SpaceX straddles rocket launches, satellite broadband (Starlink), and artificial intelligence — it fits no single industry bucket.
The lead analysts assigned by the five firms come from autos, aerospace & defense, tech, telecom, and embodied AI — five entirely different desks.
In plain terms = it's as if one company ran a restaurant chain, a logistics firm, and a chipmaker at once — no single analyst can see the whole picture, so banks are improvising.
Why did RBC go with a team approach?
RBC analyst Ken Herbert said openly: "We took a team approach… three analysts collaborated on the initiation."
He explained that when clients ask about Starlink's satellite broadband details, he has to bring in a telecom colleague.
He even admitted: "I don't know if I'll still be the lead analyst in two years." This reflects a business footprint that has outgrown any single analyst's domain.

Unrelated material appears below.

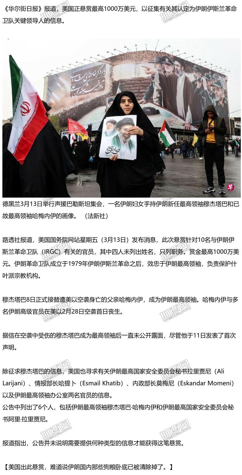 据《华尔街日报》报道,美国正悬赏最高1000万美元,以征集有关其认定为伊朗伊斯兰革命卫队关键领导人的信息。

The stock is falling — doesn't that contradict a unanimous buy?
SpaceX closed at $145.30 last Friday, its lowest close since its June IPO, and slipped another 0.9% to $144.04 in pre-market trading.
This means → the market is still digesting post-IPO pricing froth in the short term, but five simultaneous buy calls signal that longer-horizon capital sees this level as an entry point.
In plain terms = a new low and a wall of buy ratings aren't contradictory — one is short-term sentiment, the other is a two-to-three-year bet.